The Tribunals Reforms Bill, 2021 was introduced in Lok Sabha today.  It seeks to dissolve certain existing appellate bodies and transfer their functions (such as adjudication of appeals) to existing judicial bodies (mainly high courts) (see Table 1).  It also amends the Finance Act, 2017, to bring certain provisions (such as qualifications, appointments, term of office, salaries and allowances of tribunal members) under the purview of the Bill.  Currently, these provisions are notified through Rules under the Finance Act, 2017.   

Note that the 2017 Act reorganised the Indian tribunal system to ensure uniformity in their administration by amalgamating certain tribunals based on the similarity in their functional domain.  It also delegated powers to the central government to make Rules to provide for the qualifications, appointments, term of office, salaries and allowances, removal, and other conditions of service for chairpersons and members of these tribunals.  

This Bill replaces an Ordinance with similar provisions that was promulgated in April 2021.   The 2021 Ordinance was challenged in the Supreme Court over its compliance with past Supreme Court judgements.  In July 2021, the Court struck down certain provisions of the Ordinance, such as the four-year term of office for members, and the minimum age bar of 50 years to be appointed as a member of a tribunal.  Table 2 shows a detailed comparison of key provisions of the 2021 Bill with the 2021 Ordinance and the principles laid down by the Supreme Court in its judgement.  The Bill does not conform to the judgement of the Supreme Court and retains the provisions of the Ordinance that were struck down by the Court. 

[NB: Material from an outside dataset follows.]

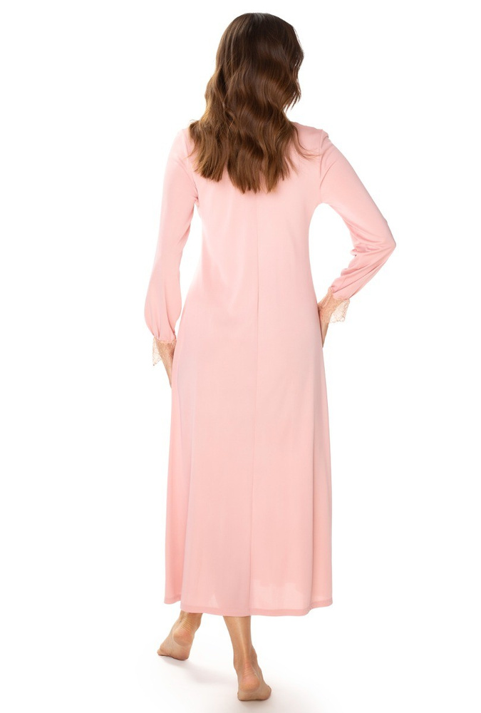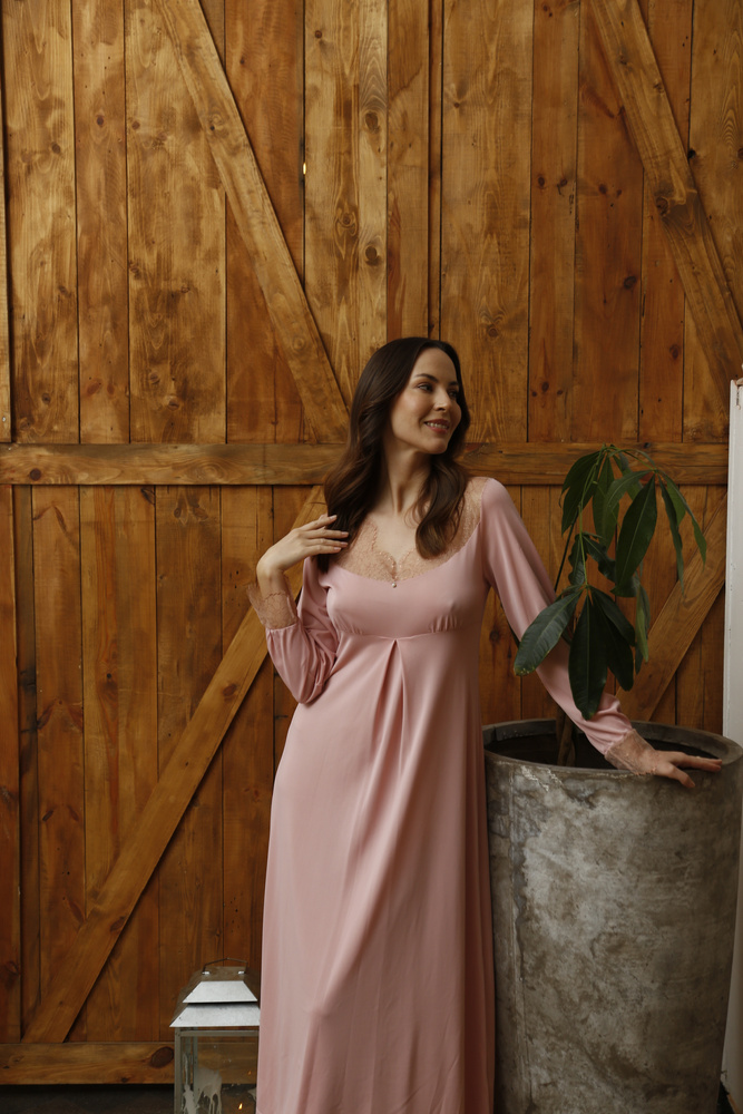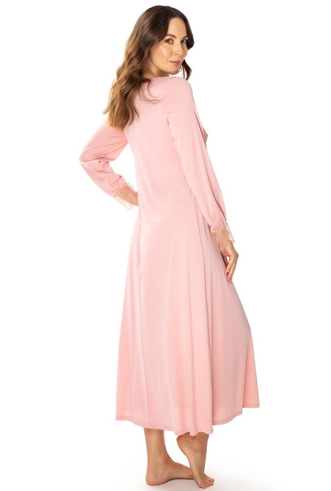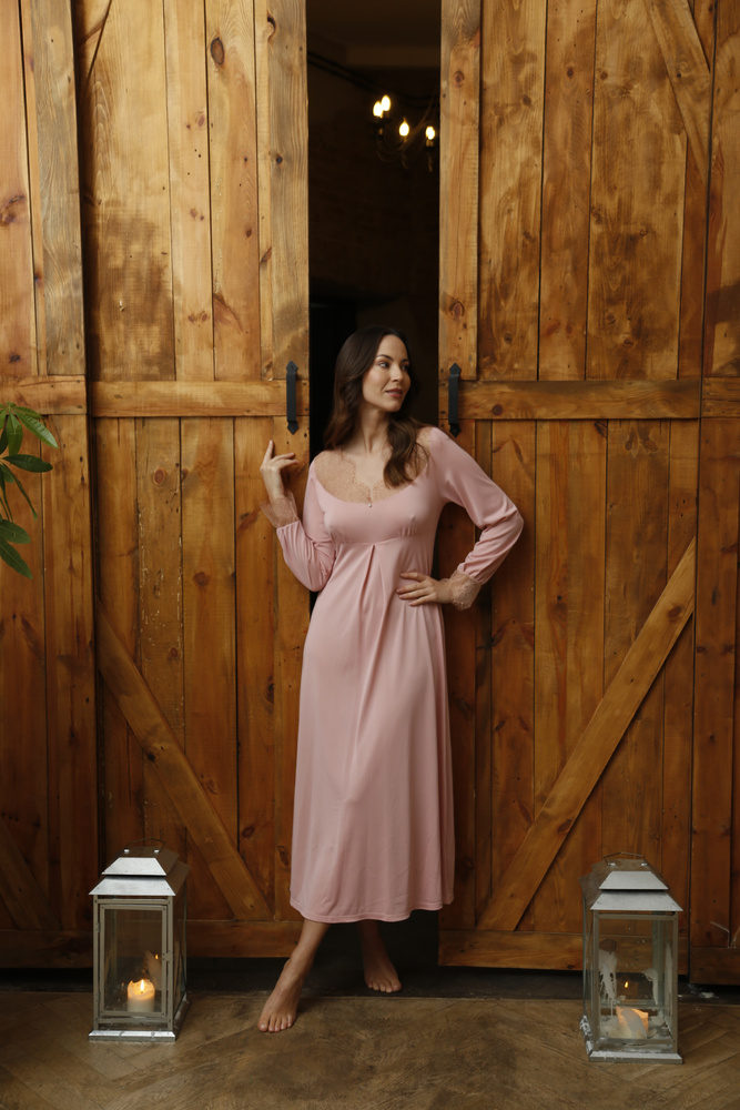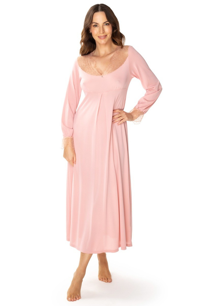 Koszula stworzona z myślą o kobietach ceniących elegancję, wygodę i klasyczne fasony. Wykonana z delikatnej, oddychającej dzianiny VISTEX®. Doskonale otula ciało, zapewniając komfort noszenia przez całą noc. Model odcinany pod biustem subtelnie podkreśla sylwetkę i maskuje ewentualne niedoskonałości, a długość maxi oraz długi rękaw czynią ją idealnym wyborem na chłodniejsze dni. Zmysłowe koronkowe detale na dekolcie i rękawach dodają romantycznego charakteru

For an analysis of the 2021 Ordinance, please see our note here.  For more details on the evolution of the tribunal system in India, please see our note

Table 1: Transfer of functions of key appellate bodies as proposed under the Bill

Appellate body

Role

Proposed entity

Appellate Tribunal under the Cinematograph Act, 1952

Adjudication of appeals against the Board of Film Certification

High Court

Appellate Board under the Trade Marks Act, 1999

Adjudication of appeals against orders of the Registrar

High Court

Appellate Board under the Copyright Act, 1957

Adjudication of certain disputes and appeals against orders of the Registrar of Copyright.   Disputes include those related to publications and term of the copyright

Commercial Court or the Commercial Division of a High Court*

Authority for Advance Rulings under the Customs Act, 1962

Adjudication of appeals against orders of the Customs Authority for advance rulings

High Court

Appellate Board under The Patents Act, 1970

Adjudication of appeals against decisions of the Controller on certain matters.  Matters include applications for patents and restoration of patents.

High Court

Airport Appellate Tribunal under the Airports Authority of India Act, 1994

Adjudication of:

  • disputes arising from the disposal of properties left on airport premises by unauthorised occupants, and
  • for appeals against the order of an eviction officer
  • Central government, for disputes arising from the disposal of properties left on airport premises by unauthorised occupants.
  • High Court, for appeals against orders of an eviction officer.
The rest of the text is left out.